В глазах Янкелевича, провозглашая себя носителем определенной миссии, самим этим жестом претендент на мессианство объявляет себя выделенной личностью. Обязанность превращается в привилегию, тайна призвания растворяется во внешних приметах. Нетрудно заметить, что здесь у Янкелевича присутствует неявная полемика с Бергсоном, который, напротив, видел в наличии миссии суть мистического (мессианского) призвания. Личность Мессии оказывается целью самой в себе, что предполагает концепцию завершенного времени, в котором больше не будет возможности для роста и углубления. И как Трубецкой или Соловьев решили отказаться от теории «русского народа-богоносца», так и иудаизм, согласно Янкелевичу, постепенно придет к деперсонализации идеи Мессии.

Тут нельзя не вспомнить возражений Левинаса Янкелевичу, высказанных на том же коллоквиуме: да, всякий, кто объявляет себя Я или Мессией – самозванец, но само-званец в том смысле, в котором самозванцем является всякий доброволец. Левинас настаивает на том, что секрет мессианства и секрет личностности суть одно. Иудаизм должен превзойти мессианизм как ожидание «мифической фигуры» Искупителя и распознать мессианское призвание в каждой конкретной личности. Мессия – это не потомок царя Давида.
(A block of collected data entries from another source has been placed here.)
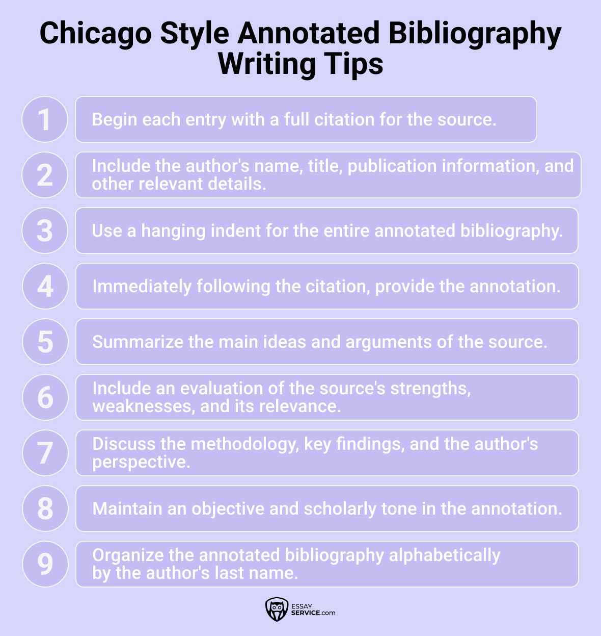 In the Chicago guidebook, an annotated bibliography follows a specific format. Here are the general guidelines for formatting an annotated bibliography in Turabian style, as it’s also known:
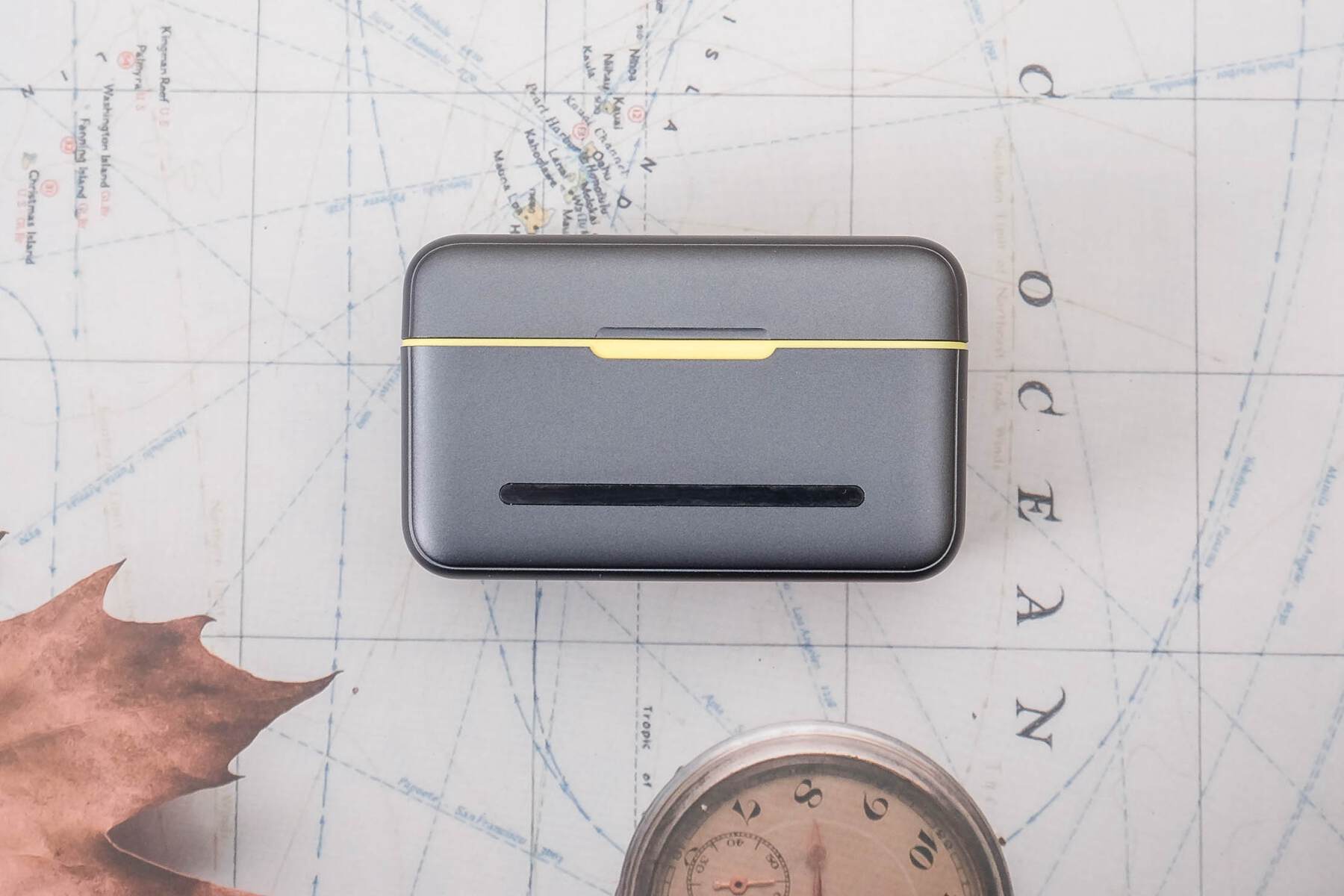 先看看充电盒,依旧采用了小巧便携的设计,不同的是第一代带有一个小的显示屏,这次没有了,仅有四个LED灯提示,通过这里可以直观看到电量情况。
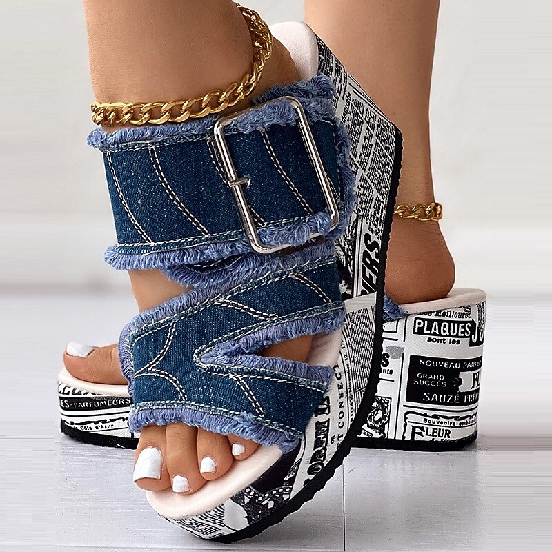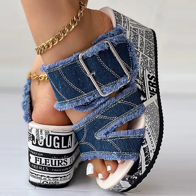 Highlights [Fabric] : Crafted from durable canvas fabric, these women's wedge sandals are designed for the summer season. The material offers both comfort and resilience, perfect for daily wear. [Silhouette] : The sandals feature a modern wedge heel, ranging from one to two inches in height, and an open toe design, making them an ideal choice for casual outings and beach days. [Design Highlights] : The standout wedge platform boasts a unique newspaper print design, giving the sandals a distinctive flair. Wide denim straps with prominent white stitching and a large silver-tone buckle add an edgy and bold accent, adjustable for a secure fit. [Occasions] : These casual canvas sandals are perfect for outdoor activities, daily errands, and laid-back summer gatherings. Their trendy style makes them suitable for both beach walks and urban adventures. [Size Range] : Available in a variety of sizes, these sandals cater to different preferences, ranging from US5.5 / EU35 / UK3.5 to US10.5 / EU42 / UK8.5, ensuring a comfortable fit for many wearers.
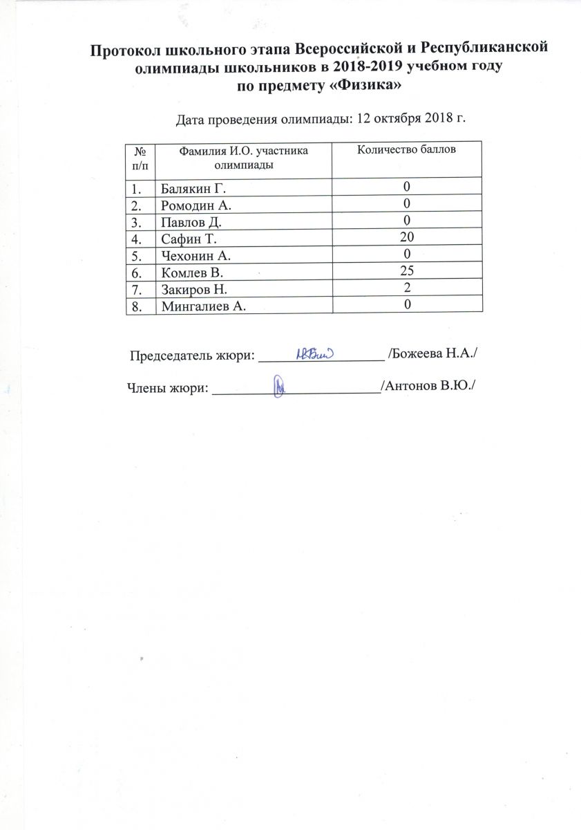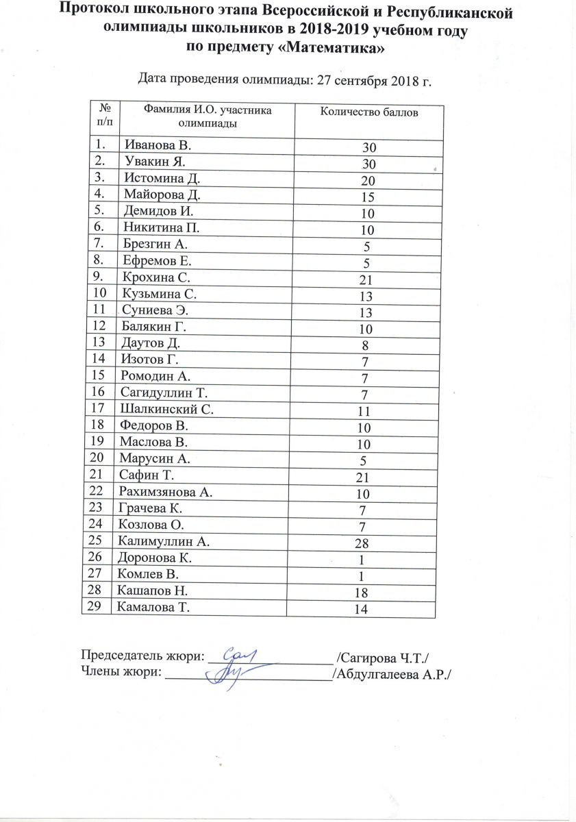 Протокол олимпиады по математике

Мессия – это каждый, кто говорит себе Я. «Быть Я – значит быть Мессией». Но что значит – быть самим собой? Быть самим собой – значит осознавать свое избранничество. Я – это тот, кто избран принять на себя страдания других, тот, кто знает, что он избран, и тот, кто принимает на себя это избранничество. Я как Мессия подразумевает определенное самозванство, поскольку я - это тот, кто сам вызывается стать мессией, принять на себя ответственность за весь мир:
Я в качестве Я, берущее на себя страдания мира, в полном одиночестве само назначает себя на эту роль. Обозначить себя таким образом, не уклоняться от этой роли вплоть до того, что отвечать прежде, чем прозвучит призыв, — это и значит быть Я. «Я» есть тот, кто сам выдвигает себя для несения всей ответственности мира, тот Само-Званец, против которого выступает Янкелевич: само-званец par excellence — тот, кто назначает себя сам. Вот почему он способен целиком взять на себя страдание всех: он может произнести «Я» лишь в той мере, в какой уже взял на себя это страдание. Мессианизм есть именно тот апогей в бытии, каковым является централизация, концентрация Я, его скручивание вокруг самого себя. Говоря конкретно, это означает, что каждый должен поступать так, как если бы он был Мессией .
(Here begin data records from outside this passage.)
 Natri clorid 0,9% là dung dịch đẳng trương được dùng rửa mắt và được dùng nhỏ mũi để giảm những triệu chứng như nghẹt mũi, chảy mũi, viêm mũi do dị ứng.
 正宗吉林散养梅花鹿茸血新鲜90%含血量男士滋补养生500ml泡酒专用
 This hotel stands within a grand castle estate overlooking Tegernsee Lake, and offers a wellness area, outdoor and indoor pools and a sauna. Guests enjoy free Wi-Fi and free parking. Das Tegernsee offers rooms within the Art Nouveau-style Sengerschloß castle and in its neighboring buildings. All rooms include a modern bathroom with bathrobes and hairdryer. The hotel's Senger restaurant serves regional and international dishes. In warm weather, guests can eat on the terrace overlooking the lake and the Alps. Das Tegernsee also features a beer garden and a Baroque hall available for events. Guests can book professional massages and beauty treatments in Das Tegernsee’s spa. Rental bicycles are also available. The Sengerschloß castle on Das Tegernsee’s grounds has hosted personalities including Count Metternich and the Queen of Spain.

Если Мессия – это каждый, кто говорит Я, то в таком мессианстве отсутствует момент завершенности или привелегированности, столь смущавший В. Янкелевича: если каждый призван быть человеком-богоносцем, то это призвание уже не есть призвание установить на земле один на всех тотальный Китеж-град, но это призвание жить как Феврония, жить так, как если бы ты уже был гражданином невидимого Китежа. Однако тезис Левинаса глубже: Я могу претендовать на личностность, на то, чтобы быть Я – только в той мере, в которой я уже – личность, только в той мере, в которой я уже нечто сделал, уже ответил на призыв. Иначе говоря, самозванец может на самом деле назвать себя Димитрием только в тот момент, когда он Димитрием уже является.
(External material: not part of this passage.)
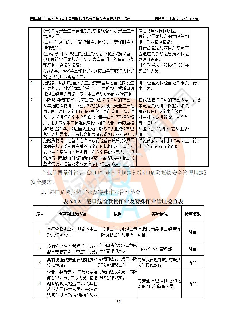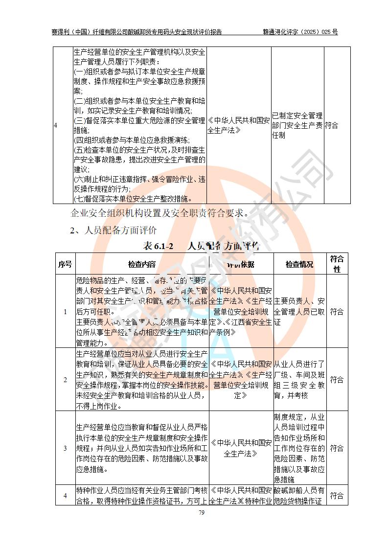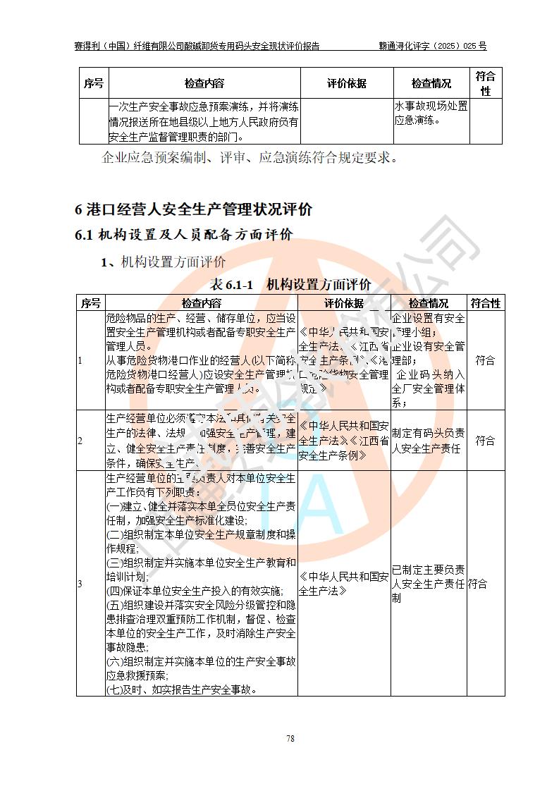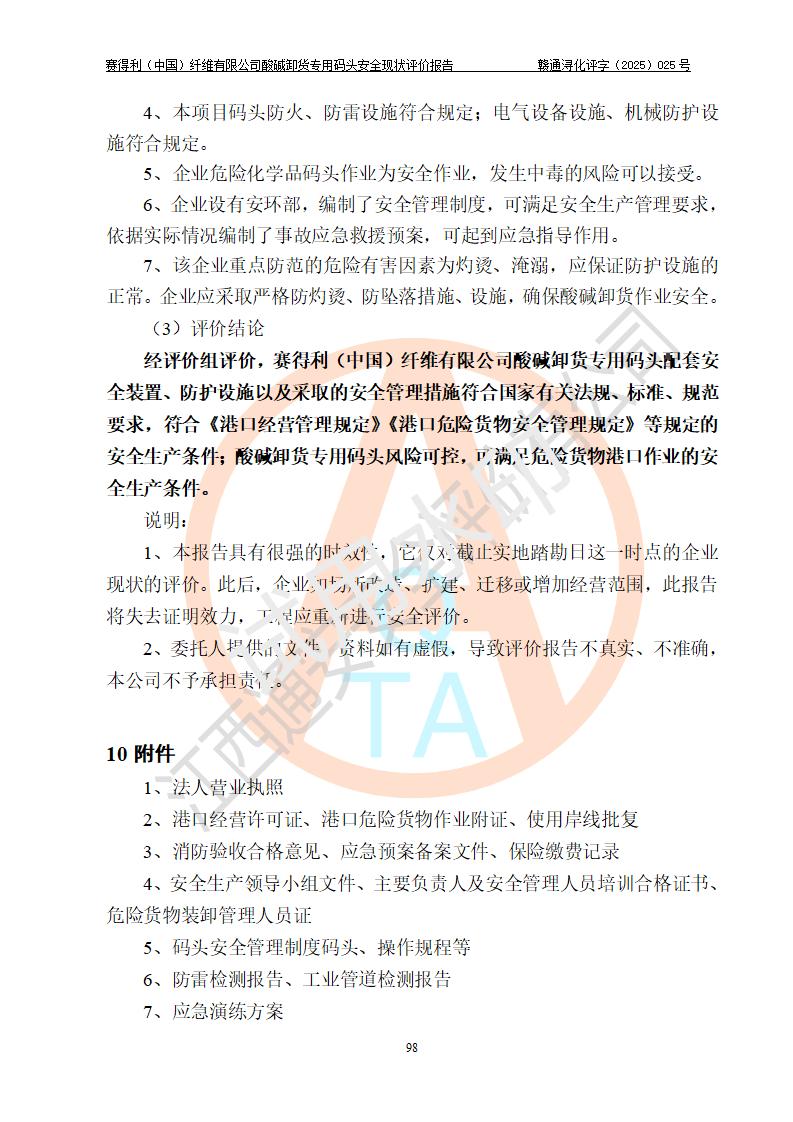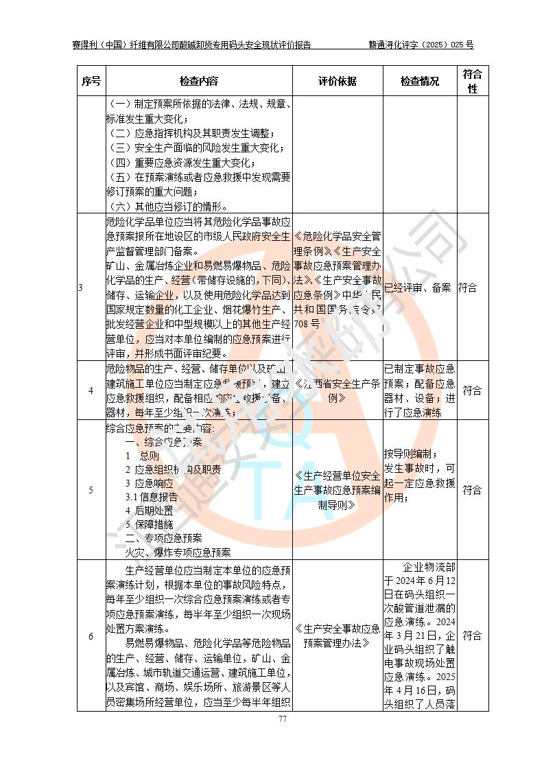 評價(jià)結(jié)論 | 經(jīng)評價(jià)組評價(jià),賽得利(中國)纖維有限公司酸堿卸貨**碼頭配套安全裝置、防護(hù)設(shè)施以及采取的安全管理措施符合**有關(guān)法規(guī)、標(biāo)準(zhǔn)、規(guī)范要求,符合《港口經(jīng)營管理規(guī)定》《港口危險(xiǎn)貨物安全管理規(guī)定》等規(guī)定的安全生產(chǎn)條件;酸堿卸貨**碼頭風(fēng)險(xiǎn)可控,可滿足危險(xiǎn)貨物港口作業(yè)的安全生產(chǎn)條件。 | |||||

Однако Янкелевич как раз и хочет сказать, что Димитрием, носителем определенной миссии «быть» постоянно как раз невозможно. В его философии (в отличие от философии Бергсона или Левинаса) нет той инстанции, которая может наделить субъект мессианской миссией, нету той «тени Грозного», которая может «усыновить» Я и превратить его в настоящего царевича: у Янкелевича нет ни бергсоновского жизненного порыва, ни левинасовского Другого, который является источником той самой «гетерономной автономии» Я, о которой шла речь выше. Если моя ответственность перед Другим (любым другим) бесконечна, то это потому, что таков мой долг любви; никакой же другой причины, никакого другого, более глубокого, основания нет и быть не может, потому что там, где есть любовь, там нарушается причинность. И, поскольку моральный акт личности есть долг, то тем самым он не может быть миссией; мистический порыв, экстатический выход из себя как основа морального акта есть δαιμονίας ὑπερβολῆς, «демоническая гипербола» (Resp. 509c), которая в конечном итоге вырождается в самообман и фарисейство.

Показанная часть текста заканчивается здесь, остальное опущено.